Hate to break it to you, but that wouldn’t lead to communism. The people it replaces are useless to the ruling class. At best we’d go back to feudalism, at worst we’d be deemed worthless and a drain on the planet.
I'm always confused when I see people talking about automated luxury communism. Whoever owns the "means of production" isn't going to obtain or develop them for free. Without some omnipotent benevolent world government to build it out for all, I just don't see it happening. It's a beautiful end goal for society, but I've never seen a remotely plausible set of intermediate steps to get there
The very concept of ownership is a social artifact, and as such, is not immutable. What does it mean for the 0.1% to own all the means of production? They can't physically possess them all. So what it means in practice is that our society recognizes the abstract notion of property ownership, distinct from physical possession or use - basically, the right to deny other people the use of that property, or allow it conditionally. This recognition is what reifies it - registries to keep track of owners, police and courts to enforce the right to exclude.

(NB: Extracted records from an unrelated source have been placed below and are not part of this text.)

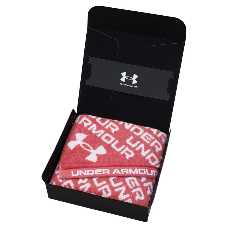 スポーツブランド「UNDERARMOUR」から想いを届けるタオルギフト。 アメリカ、メリーランド州ボルチモアに本社を置くスポーツブランド「アンダーアーマー」。 アスリートが持てる能力を最大限に発揮できるよう飽くなき追求を積み重ねてきた、パフォーマンスアスレチックブランド。 ブランド名は「セカンドスキン(第二の皮膚)」のように身体に密着するという特徴的なウェアを、ユニフォームの下(=Under)に着用する=「アスリートが戦うための鎧(よろい=Armour)」としたことに由来する。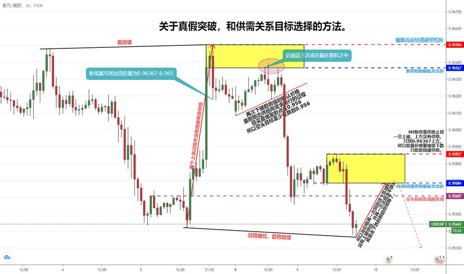关于真假突破,和供需关系目标选择的方法。一、关于突破 1、真突破:价格突破关键点位后必须走横搭建供需求区,并确认这个需求区再向突破方向继续运行方为真突破。 2、假突破:价格突破关键点位后,并不能站稳突破的价格,最后迅速掉头。一般出现反向吞没最为明显有效。或者是非常长的影线。 二、突破的交易方法 1、真突破:当遇到真突破时,必须等当前观察图表的周期收出一根反向K线,这种反向K线为确认K线,一般都会收盘在突破价格之外。当再一次突破高点时回踩进行买入。 2、假突破:当遇到假突破时,价格基本都会出现反向吞没或者非常长的影线,有两种方法入场,第一种用吞没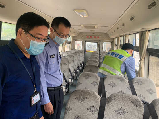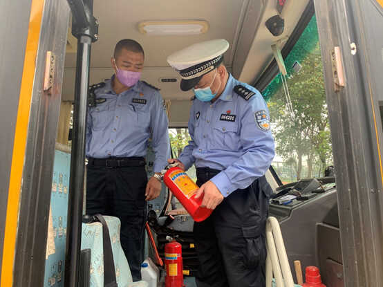 现场,执法人员对校车“四证”,即校车许可证、驾驶证、交强险、行驶证的基本情况逐一核对,重点检查校车及校车驾驶人是否具备校车驾驶资格、校车车况、安全装置等情况,是否符合安全运行条件。并逐车检查了车外的车身标识、校车标志灯、轮胎、车内是否配备灭火器、逃生锤、医药箱、安全带等安全设备有效情况,对17所首批复学返校的校车联合检查验收,确保学生道路交通安全工作落到实处,做到“保学生,保安全”,为首批复学返校学生迎接新学期保驾护航。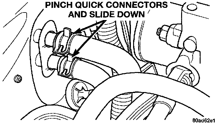 NOTE: The heater hoses used are preformed hoses with quick connect fittings at the engine. These hoses are not serviceable and must be replaced using OEM parts. The hoses are attached at the heater core using spring tension clamps.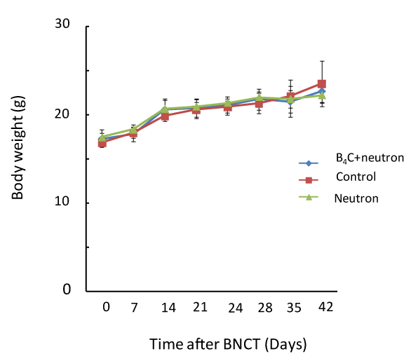 | Figure 3: Effects of B4C-mediated BNCT on body weight. Nude mice carrying SAS tumors received 50 μl of 250 ppm B4C solution intratumorally. Ten minutes later, tumors were exposed to thermal neutrons. The experimental groups were as follows: untreated control, neutron only, and B4C-mediated BNCT. After BNCT, body weight was measured during the experiment n=5. |

But, again, this is a construct. The only reason why it holds up is because most people support it. I very much doubt that's going to remain the case for long if we end up in a situation where the elites own all the (now automated) capital and don't need the workers to extract wealth from it anymore. The government doesn't even need to expropriate anything - just refuse to recognize such property rights, and withdraw its protection.
I hope that there are sufficiently many capitalists who are smart enough to understand this, and to manage a smooth transition. Because if they won't, it'll get to torches and pitchforks eventually, and there's always a lot of collateral damage from that. But, one way or another, things will change. You can't just tell several billion people that they're not needed anymore, and that they're welcome to starve to death.
The problem I see is that once the pitchforks come out, society will lose decades of progress. If we're somewhat close to the techno-utopia at the start, we won't be at the end. Who's going to rebuild on the promise that the next generation won't need to work?
Revolutions aren't great at building a sense of real community; there's a good reason that "successful" communist uprisings result in totalitarian monarchies.
What it means for the 0.01% to own the means of production is that they can offer access to privilege in a hierarchical manner. The same technology required for a techno-utopia can be used to implement a techno-dystopia which favors the 0.01% and their 0.1% cronies, and treats the rest of humanity as speedbumps.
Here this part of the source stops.